A new bill before Parliament could dramatically alter the way county governments access conditional grants, removing the National Treasury from the disbursement process. Sponsored by National Assembly Majority Leader Kimani Ichung’wah, the Public Finance Management (Amendment) Bill, 2025 seeks to scrap sections of the current law that require intergovernmental agreements before counties receive additional allocations.
The proposed amendment targets Sections 191A to 191E of the Public Finance Management Act, which mandate formal agreements between the Treasury and counties, public participation, county assembly approvals, and gazettement before any funds are released. According to Ichung’wah, these provisions introduce unnecessary bureaucracy and delays, limiting the effectiveness of conditional grants.
“These provisions create duplication in the management of additional allocations,” the bill’s memorandum states, arguing that delays in fund disbursement have stalled critical projects, including construction of county headquarters and payments to community health promoters.
If passed, the bill would eliminate Treasury mediation, allowing counties faster and more direct access to funds. This would significantly impact how counties implement development projects such as industrial parks and healthcare facilities, often reliant on earmarked grants and donor funding.

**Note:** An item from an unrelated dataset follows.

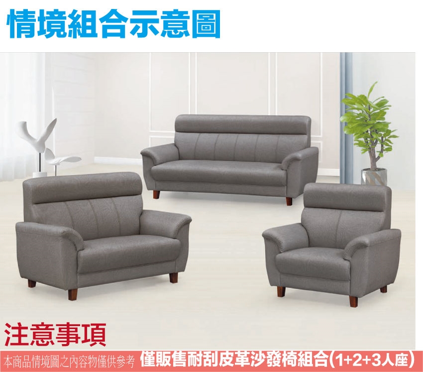 產品名稱:【綠家居】默可灰耐磨皮革沙發椅組合(1+2+3人座組合)

The proposed change comes amid increasing friction between national and county governments over fiscal autonomy. Governors have long complained about the national government’s grip on devolved functions and delayed disbursements. As of May 2025, counties claimed they were owed Sh75 billion in pending allocations.

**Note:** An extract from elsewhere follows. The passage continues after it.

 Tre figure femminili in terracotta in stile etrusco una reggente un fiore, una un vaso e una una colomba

However, critics warn that eliminating oversight mechanisms could increase the risk of mismanagement. Conditional grants are typically tied to specific uses, and some lawmakers argue that safeguards—like formal agreements—are essential to ensure funds are spent appropriately.
The National Assembly’s Budget Committee recently approved Sh50 billion in additional allocations to counties, underscoring the urgency of resolving inefficiencies in the current disbursement process. The bill now awaits debate in Parliament, where legislators will have to weigh the benefits of streamlined funding against the need for accountability.
As counties push for greater control over resources, the outcome of this legislative proposal could redefine the power dynamics in Kenya’s devolved governance system.